The good news: the switch turns on and works as intended still.

The bad news: the RP2040-zero doesn't seem to turn on?? It's getting 3V's though (measured with my DMM), so it's not for a lack of energy. There's no indication from the RGB-led on the front of the board, and the Switch just goes straight to the regular OS, no error-messages or anything.

Where should I start to look for the problem? Could it be that my flash of firmware to the RP2040 didn't stick? Or I managed to ERASE it somehow??

Here's some pictures of my mod, as it is currently.
not sure why you prefer led side facing down and red cable/3.3v line seems easy to contact to metal shield ground.
 
Hey all - so I've done the mod on a Switch Lite -- and there is good news, and bad news.

The good news: the switch turns on and works as intended still.
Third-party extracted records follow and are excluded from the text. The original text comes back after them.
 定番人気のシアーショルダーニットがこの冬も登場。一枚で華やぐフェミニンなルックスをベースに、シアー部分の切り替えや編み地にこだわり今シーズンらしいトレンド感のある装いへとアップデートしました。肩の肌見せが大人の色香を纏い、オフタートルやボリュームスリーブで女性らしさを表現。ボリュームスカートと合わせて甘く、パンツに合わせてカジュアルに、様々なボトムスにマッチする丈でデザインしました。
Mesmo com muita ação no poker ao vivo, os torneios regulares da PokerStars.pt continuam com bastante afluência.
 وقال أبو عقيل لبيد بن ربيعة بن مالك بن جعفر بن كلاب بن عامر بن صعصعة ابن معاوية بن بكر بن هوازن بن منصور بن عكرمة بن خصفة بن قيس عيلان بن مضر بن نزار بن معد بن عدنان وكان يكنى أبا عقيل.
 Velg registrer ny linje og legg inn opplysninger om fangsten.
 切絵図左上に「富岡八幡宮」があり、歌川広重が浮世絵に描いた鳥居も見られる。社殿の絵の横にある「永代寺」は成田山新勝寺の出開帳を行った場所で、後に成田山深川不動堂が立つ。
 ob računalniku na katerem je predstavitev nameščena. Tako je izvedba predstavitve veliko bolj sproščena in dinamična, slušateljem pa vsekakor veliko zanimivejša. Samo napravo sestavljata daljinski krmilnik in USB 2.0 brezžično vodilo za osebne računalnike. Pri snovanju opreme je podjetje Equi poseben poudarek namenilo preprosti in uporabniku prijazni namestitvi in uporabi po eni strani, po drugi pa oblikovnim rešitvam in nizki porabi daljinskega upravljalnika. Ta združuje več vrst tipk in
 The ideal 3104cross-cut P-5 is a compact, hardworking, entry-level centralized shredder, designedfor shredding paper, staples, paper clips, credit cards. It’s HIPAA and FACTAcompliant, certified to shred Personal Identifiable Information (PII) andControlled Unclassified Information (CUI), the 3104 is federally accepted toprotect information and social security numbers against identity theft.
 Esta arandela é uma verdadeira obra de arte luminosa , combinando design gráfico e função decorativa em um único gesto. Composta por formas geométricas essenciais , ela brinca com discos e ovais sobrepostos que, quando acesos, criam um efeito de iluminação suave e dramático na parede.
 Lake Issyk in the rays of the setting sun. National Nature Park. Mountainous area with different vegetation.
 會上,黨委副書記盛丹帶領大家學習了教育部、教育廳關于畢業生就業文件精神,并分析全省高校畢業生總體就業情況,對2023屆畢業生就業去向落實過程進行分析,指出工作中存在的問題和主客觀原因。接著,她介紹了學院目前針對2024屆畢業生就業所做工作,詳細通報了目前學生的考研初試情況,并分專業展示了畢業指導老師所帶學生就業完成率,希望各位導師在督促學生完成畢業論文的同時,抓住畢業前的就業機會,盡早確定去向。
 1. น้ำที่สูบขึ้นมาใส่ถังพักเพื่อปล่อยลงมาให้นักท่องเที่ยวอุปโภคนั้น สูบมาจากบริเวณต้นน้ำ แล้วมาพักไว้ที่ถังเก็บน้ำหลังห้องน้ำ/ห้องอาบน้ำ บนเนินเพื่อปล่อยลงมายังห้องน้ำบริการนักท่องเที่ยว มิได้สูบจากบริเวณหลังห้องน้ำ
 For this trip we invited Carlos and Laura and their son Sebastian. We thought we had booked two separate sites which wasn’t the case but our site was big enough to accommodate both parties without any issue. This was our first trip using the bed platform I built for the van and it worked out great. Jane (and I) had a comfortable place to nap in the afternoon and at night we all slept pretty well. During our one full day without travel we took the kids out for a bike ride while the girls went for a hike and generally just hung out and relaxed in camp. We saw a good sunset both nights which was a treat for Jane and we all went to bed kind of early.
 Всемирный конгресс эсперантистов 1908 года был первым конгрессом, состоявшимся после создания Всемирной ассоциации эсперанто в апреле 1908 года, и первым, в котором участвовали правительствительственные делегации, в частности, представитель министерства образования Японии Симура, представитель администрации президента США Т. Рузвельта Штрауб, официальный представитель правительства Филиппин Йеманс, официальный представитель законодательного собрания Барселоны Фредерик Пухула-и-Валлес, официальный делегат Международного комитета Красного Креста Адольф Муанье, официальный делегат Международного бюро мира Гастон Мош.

The bad news: the RP2040-zero doesn't seem to turn on?? It's getting 3V's though (measured with my DMM), so it's not for a lack of energy. There's no indication from the RGB-led on the front of the board, and the Switch just goes straight to the regular OS, no error-messages or anything.

Where should I start to look for the problem? Could it be that my flash of firmware to the RP2040 didn't stick? Or I managed to ERASE it somehow??

Here's some pictures of my mod, as it is currently.
What is that wire jumper you made on the left side of the pico between USB and some point at the bottom of it?